Abstract
Introduction: In managing ventral hernia, using mesh for the anterior abdominal wall defect closure has become a standard. Different types of materials have been used as a mesh, each with its own benefits and drawbacks. This study aimed to investigate the potential of a triple-layered composite mesh made from amniotic membrane-coated polypropylene mesh (AMPM) with an adhesion barrier as an alternative for anterior abdominal wall defect closure.
Methods: An experimental study was conducted using Sprague-Dawley mice, imposed with a mechanical ventral hernia and divided into four groups with different treatments: sham surgery, mesh polypropylene, AMPM composite, and AMPM with adhesion barrier (triple-layered composite mesh). After 7 and 30 days of the procedure, the mice were evaluated for the recurrence of anterior abdominal wall defects, the histological profile of polymorphonuclear (PMN) cells, foreign body giant cells (FBGC), fibroblast cells, neovascularization, and adhesion of mesh to surrounding tissue in each group.
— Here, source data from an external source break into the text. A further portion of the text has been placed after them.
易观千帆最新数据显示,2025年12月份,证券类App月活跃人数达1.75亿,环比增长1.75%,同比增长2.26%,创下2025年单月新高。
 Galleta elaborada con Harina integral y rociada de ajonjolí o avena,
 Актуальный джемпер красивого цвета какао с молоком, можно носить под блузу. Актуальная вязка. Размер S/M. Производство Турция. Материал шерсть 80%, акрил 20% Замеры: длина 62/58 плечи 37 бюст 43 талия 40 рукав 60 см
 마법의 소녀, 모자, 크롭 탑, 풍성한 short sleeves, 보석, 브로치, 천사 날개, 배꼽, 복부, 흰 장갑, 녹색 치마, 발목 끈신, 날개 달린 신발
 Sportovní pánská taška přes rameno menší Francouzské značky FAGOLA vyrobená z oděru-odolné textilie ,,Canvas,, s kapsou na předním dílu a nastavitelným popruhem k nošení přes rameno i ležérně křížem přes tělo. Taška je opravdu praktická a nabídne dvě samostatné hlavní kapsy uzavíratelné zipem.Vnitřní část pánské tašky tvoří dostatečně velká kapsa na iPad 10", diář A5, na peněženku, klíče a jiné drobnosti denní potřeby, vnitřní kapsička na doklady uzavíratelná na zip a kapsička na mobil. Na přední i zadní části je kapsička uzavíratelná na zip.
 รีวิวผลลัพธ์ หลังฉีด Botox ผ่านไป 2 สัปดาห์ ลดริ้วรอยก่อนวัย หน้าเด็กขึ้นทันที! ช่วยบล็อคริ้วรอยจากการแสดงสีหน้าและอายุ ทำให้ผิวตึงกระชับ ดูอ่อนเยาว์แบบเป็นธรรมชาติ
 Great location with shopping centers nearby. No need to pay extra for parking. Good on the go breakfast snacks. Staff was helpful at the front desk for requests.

Results: No anterior abdominal wall defect recurrence was observed in all groups at 7- and 30-days post-procedure. We found no significant difference in histological profiles of PMN, FBGC, and fibroblast cells from each group. There was a statistically significant difference in the neovascularization (p=0.025) and adhesion (p=0.034) between the polypropylene mesh group and the triple-layered composite mesh group.
Conclusion: Triple-layered composite mesh has the potential to be an alternative to cover anterior abdominal wall defects, with triple-layered composite mesh and AMPM mesh groups showing a significantly higher rate of neovascularization and a lower rate of adhesion than the polypropylene mesh group.